At its core, FastAPI is designed to create REST APIs that can serve requests efficiently while providing robust validation and documentation. For AI agent deployment, FastAPI offers several critical advantages:

- **Asynchronous Support**: AI agents often need to handle concurrent requests efficiently. FastAPI's native async/await support enables handling thousands of simultaneous connections, perfect for serving multiple agent requests in parallel without blocking.

- **Streaming Responses**: Agents frequently generate content incrementally (token by token). FastAPI's streaming response capabilities allow for real-time transmission of agent outputs as they're generated, creating a more responsive user experience.

- **Type Validation**: When working with agents, ensuring proper input formats is crucial. FastAPI uses Pydantic for automatic request validation, catching malformed inputs before they reach your agent and providing clear error messages.

- **Performance**: Built on Starlette and Uvicorn, FastAPI offers near-native performance. For compute-intensive agent applications, this means your infrastructure handles API overhead efficiently, allowing more resources for the actual agent processing.

- **Automatic Documentation**: When exposing an agent API to multiple users or teams, documentation becomes essential. FastAPI automatically generates interactive API documentation via Swagger UI and ReDoc, making it easy for others to understand and use your agent.

- **Schema Enforcement**: Pydantic models ensure that both requests to your agent and responses from it conform to predefined schemas, making agent behavior more predictable and easier to integrate with other systems.

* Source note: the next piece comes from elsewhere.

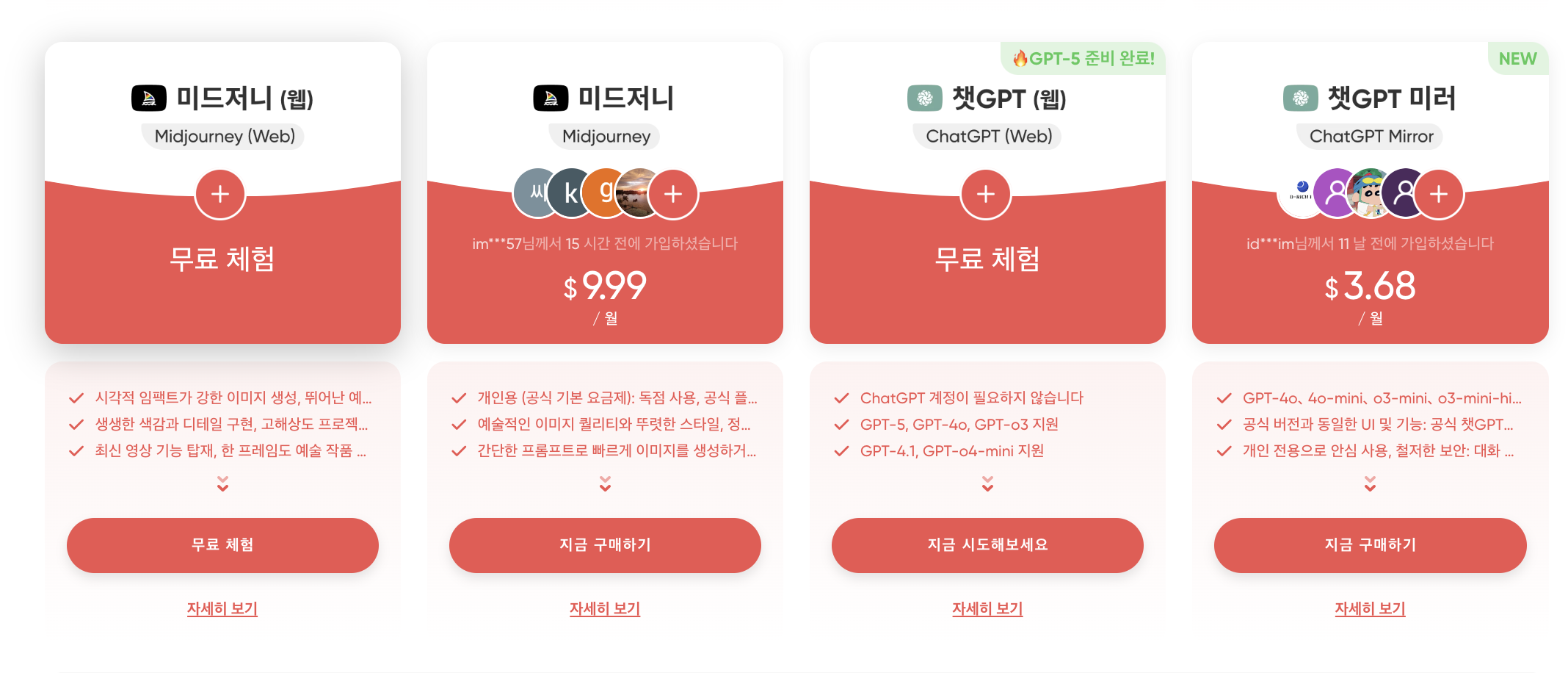 | AI 서비스 | ChatGPT, 클로드 AI, 미드저니, 퍼플렉시티, 그록 |

In this tutorial, we'll build a complete API that serves an AI agent with both synchronous and streaming endpoints, demonstrating how FastAPI's features address the specific challenges of deploying agents in production.

## Prerequisites

Before we begin, let's install the necessary packages:

In [None]:
!pip install fastapi uvicorn pydantic

If you plan to use the streaming functionality, also install:

In [None]:
!pip install sse-starlette

## Agent Quick Recap

Let's start by defining a simple agent that we'll expose via our API. This could be any agent implementation, but for this tutorial, we'll create a basic example that simulates an AI agent responding to user queries:

In [3]:
class SimpleAgent:
    def __init__(self, name="FastAPI Agent"):
        self.name = name
    
    def generate_response(self, query):
        """Generate a synchronous response to a user query"""
        return f"Agent {self.name} received: '{query}'\nResponse: This is a simulated agent response."
    
    async def generate_response_stream(self, query):
        """Generate a streaming response to a user query"""
        import asyncio
        
        prefix = f"Agent {self.name} thinking about: '{query}'\n"
        response = "This is a simulated agent response that streams token by token."
        
        # Yield the prefix as a single chunk
        yield prefix
        
        # Stream the response token by token with small delays
        for token in response.split():
            await asyncio.sleep(0.1)  # Simulate thinking time
            yield token + " "

# Test our agent directly
agent = SimpleAgent()
test_query = "Hello, what can you do?"
print(agent.generate_response(test_query))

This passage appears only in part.